Interview mit Claudia Paganini

Sie sprechen davon, dass KI eine Art „neuer Gott“ geworden ist. Würden Sie sagen, dass diese Vergöttlichung der Technik eher ein Symptom für den Verlust echten Glaubens ist – oder entsteht hier tatsächlich eine neue Religionsform?
In meinem Buch zeige ich, dass Menschen zu allen Zeiten Bilder des Göttlichen geschaffen haben, die den Anforderungen der jeweiligen Zeit entsprachen. Heute wird KI zunehmend mit Attributen versehen, die traditionell Gottheiten zugeschrieben wurden: Allwissenheit, Allmacht, Allgegenwart. Diese „Vergöttlichung“ ist weniger Ausdruck eines Verlustes von Glauben, sondern vielmehr ein Indiz dafür, dass die alte spirituelle Sehnsucht nach Sinn, Geborgenheit und Transzendenz neue Projektionsflächen findet. Ob man dies als „neue Religionsform“ bezeichnet, ist Definitionssache – sicher aber hat KI bereits eine religiöse Dimension, die weit über das rein Technische hinausgeht.
Inwiefern kann die Kirche Ihrer Ansicht nach verhindern, dass Menschen ihre spirituelle Sehnsucht auf KI projizieren – ohne dabei technikfeindlich zu wirken?
Die Kirche sollte die spirituelle Sehnsucht, die heute auf KI projiziert wird, ernst nehmen und nicht vorschnell als Aberglauben abtun.
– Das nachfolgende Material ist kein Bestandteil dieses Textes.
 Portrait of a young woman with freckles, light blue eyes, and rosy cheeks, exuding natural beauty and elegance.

Auf dieser Basis könnte man dann aufzeigen, dass die Erfahrung von Sinn und Resonanz nicht an Maschinen delegiert werden muss, und stattdessen einladen, Spiritualität im Dialog mit Seelsorge und kirchlicher Tradition zu erfahren.
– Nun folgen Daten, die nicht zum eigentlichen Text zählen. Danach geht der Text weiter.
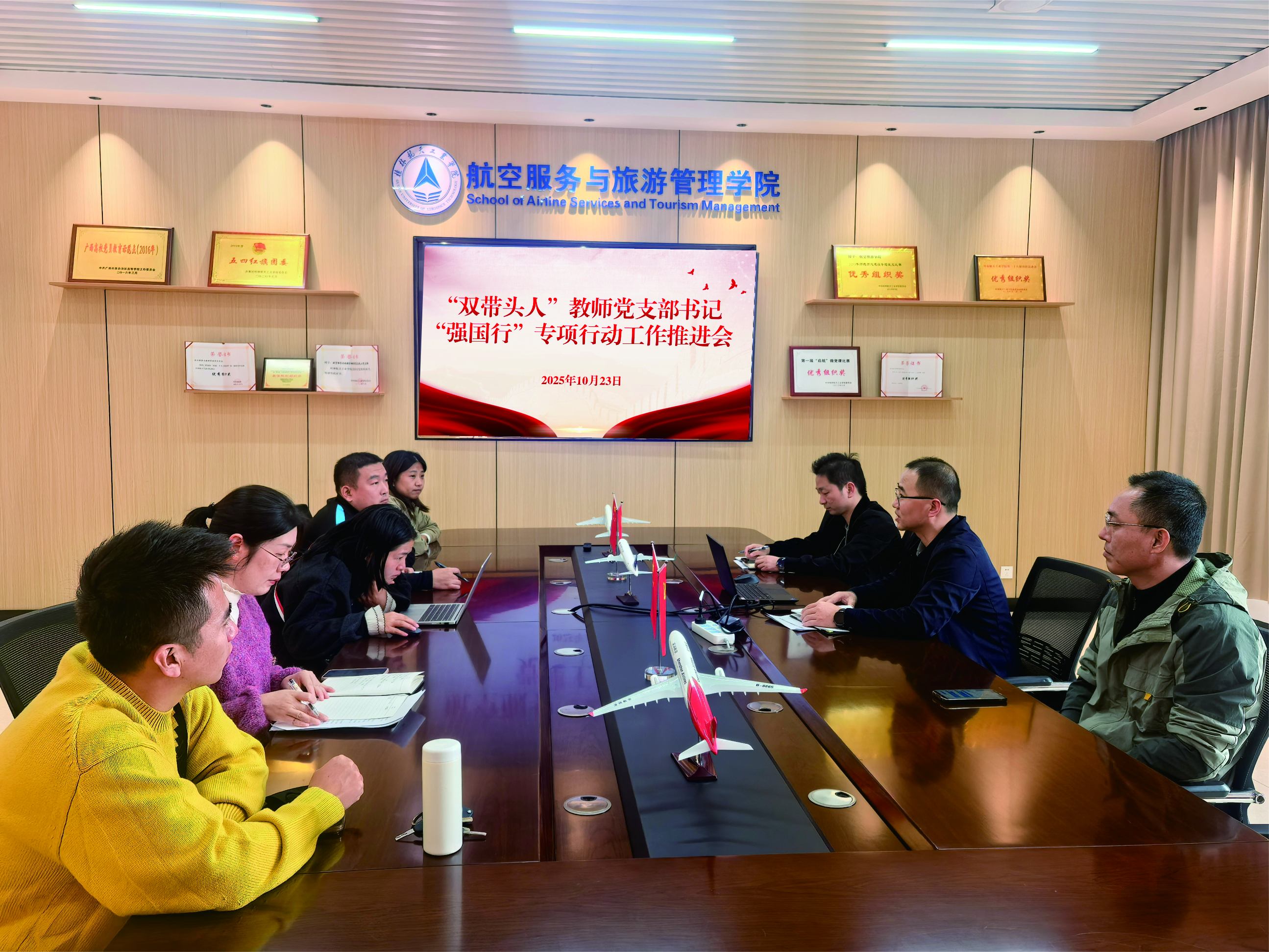 会议要求,教师党支部要精心谋划,细化方案,突出特色,确保“强国行”专项行动取得实效。要充分发挥“头雁效应”,引领广大教师党员在党建联建、教育教学、科学研究、社会服务等实践中勇担重任、建功立业,不断把支部建设成为推动学院事业发展的坚强战斗堡垒,为培养高素质航空服务与旅游管理人才、服务低空旅游建设贡献力量。
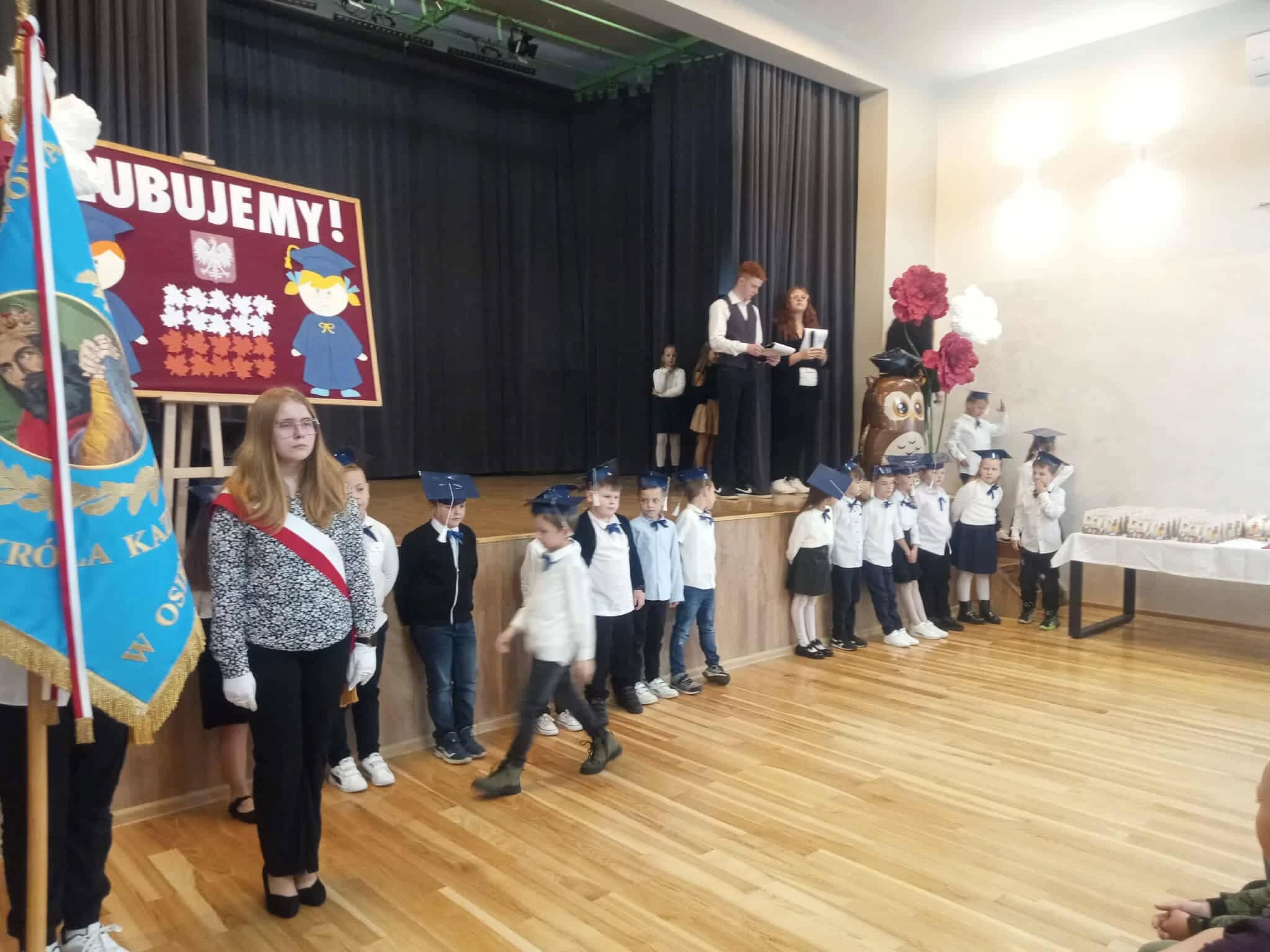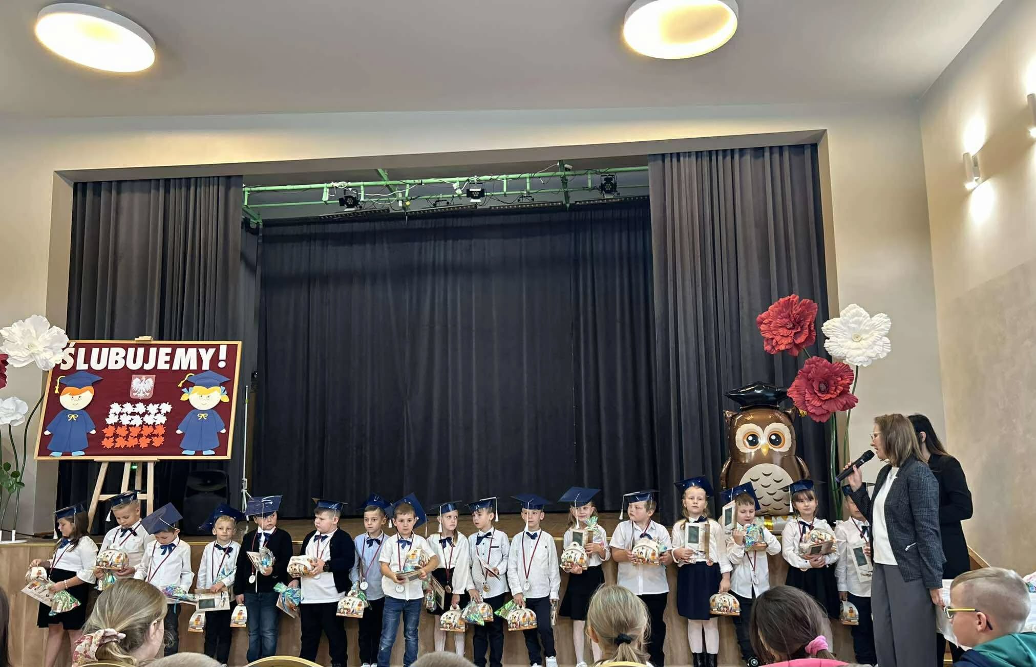 10 października 2025r. odbyła się w naszej szkole uroczystość pasowania na ucznia. Jest to szczególny dzień, który na długo pozostanie w pamięci każdego ucznia klasy pierwszej. W tym dniu dzieci oficjalnie przyjęte zostały do grona uczniów szkoły. Podczas uroczystości pierwszoklasiści pokazali, że potrafią pięknie śpiewać, tańczyć i recytować wiersze. Najważniejszą częścią uroczystości, na którą wszyscy czekali było ślubowanie oraz pasowanie wielkim ołówkiem przez Panią Dyrektor Jolantę Marek. Pierwszaki głośno i z przekonaniem przyrzekały być dobrymi i pilnymi uczniami oraz rzetelnie wypełniać swoje obowiązki.
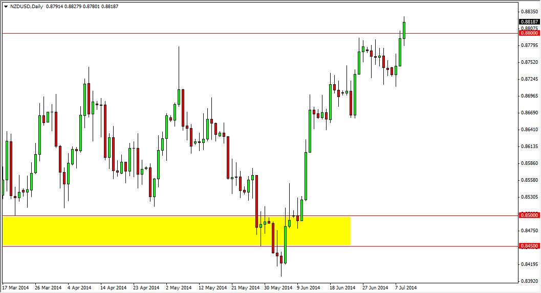 On the other hand, there is the possibility that we break the top of the range for the session, and that for me is just as valid of a positive signal as that pulling back would be. The clustering of the marketplace just underneath the 0.88 handle should be continue to offer support even if we break down a little bit, and I do truly believe that the breakout signals a new leg higher.

Papst Leo XIV. betont, KI bleibe „im Wesentlichen ein Werkzeug“. Stimmen Sie zu, dass die Kirche damit den entscheidenden Kontrapunkt zu Ihrer Diagnose setzt – oder sehen Sie darin die Gefahr, das religiöse Missbrauchspotenzial der KI zu unterschätzen?
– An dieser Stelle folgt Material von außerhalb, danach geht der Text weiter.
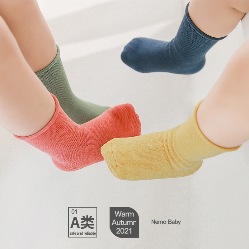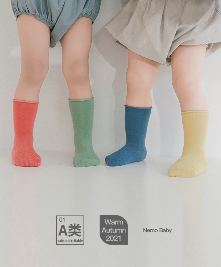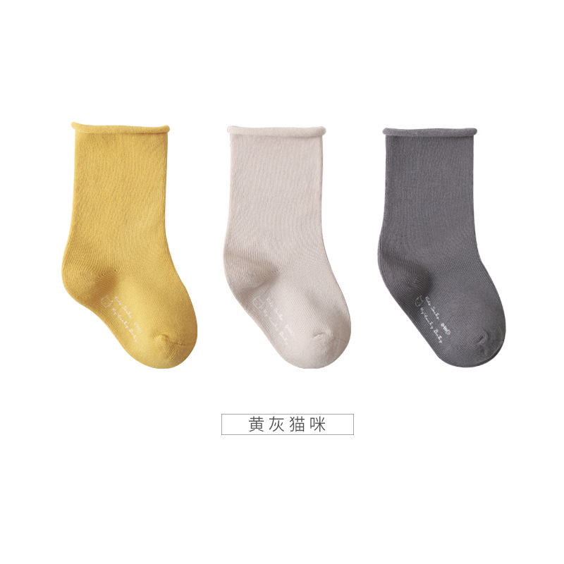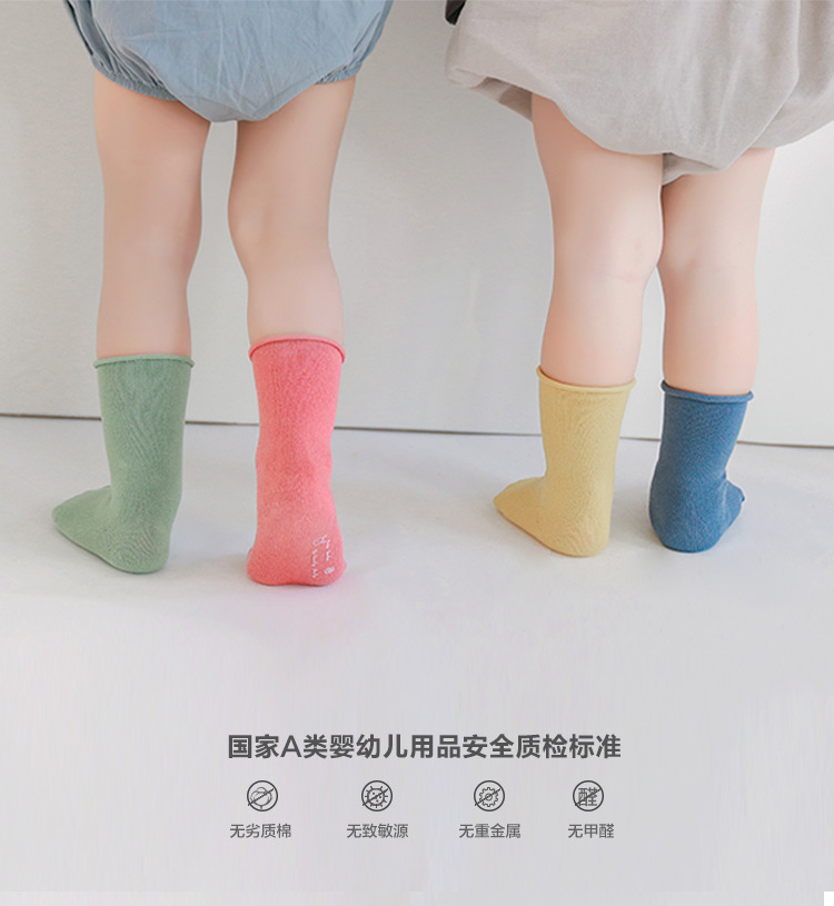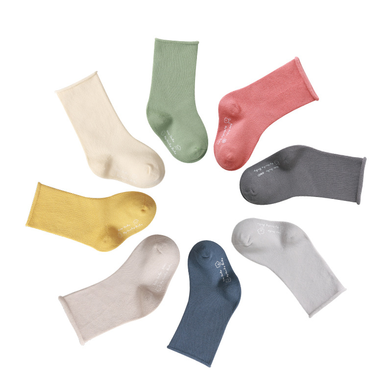婴儿袜子春秋松口不勒脚儿童袜子透气吸汗韩版无骨纯色宝宝中筒袜
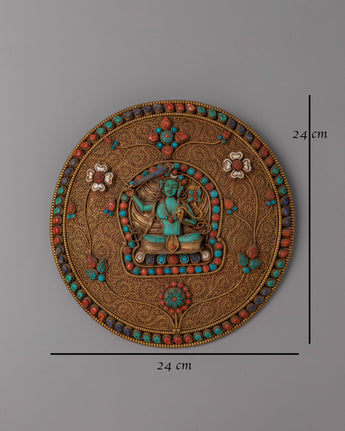 Sacred Tibetan Manjushri Wall Hanging | Buddhist Copper Art
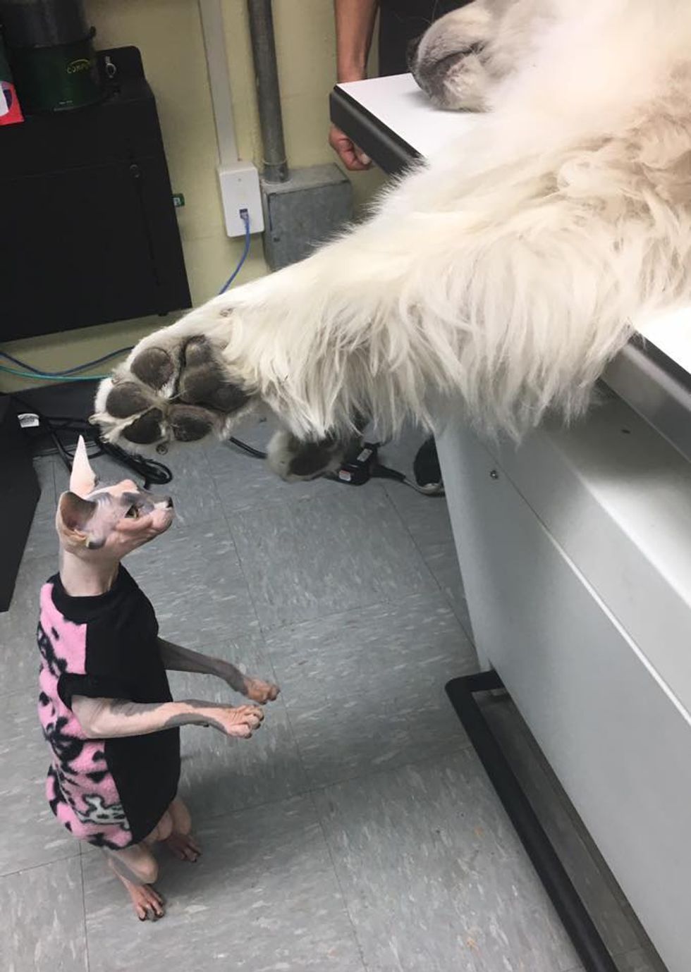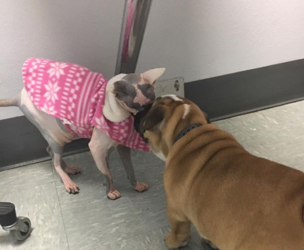 The adorable Sphynx has become the Clinic Mascot and people love to come and meet her.

Die Aussage von Papst Leo XIV., KI sei im Wesentlichen ein Werkzeug, deckt sich mit dem, was viele Menschen meinen, bevor sie sich ausführlich mit dem Phänomen befasst haben. Allerdings zeigt meine Analyse, dass KI längst nicht mehr nur als Werkzeug erfahren wird: Menschen trauen ihr Sinnstiftung, Wissen und Macht zu, gehen mit ihr in Beziehung. Wohin sich das entwickelt, wird man sehen. „Gegner“ zu unterschätzen erweist sich in der Regel aber nicht als gute Strategie. Wobei mir der Ausdruck „Missbrauchspotenzial“ im Zusammenhang mit der religiösen Dimension von KI nicht gefällt. Denn solange religiöser Glaube nicht die Beziehungen zu anderen Menschen, Tieren oder der Umwelt als ganzer negativ beeinflusst, sollte man frei sein, zu glauben, was man möchte.
In der Technik liegt Größe, aber kein Heil
Papst Leo XIV. bestätigt mit seinem frühen Fokus auf KI die ernste Relevanz dieses Problems: Er warnt, Datenbezogenheit sei kein Ersatz für Intelligenz, und er ruft die Kirche dazu auf, dem Menschen Würde, Gerechtigkeit und geistige Entwicklung als vorrangigen Maßstab zu bieten.
Die Kombination aus Paganinis pointierter Diagnose und Leo XIV. programmatischem Kurs könnte einen maßgeblichen Beitrag für die katholische Reflexion unserer technologischen Gegenwart bilden, eine klare Erinnerung: In der Technik mag Größe liegen, aber Heil liegt allein in der Begegnung mit dem lebendigen Gott.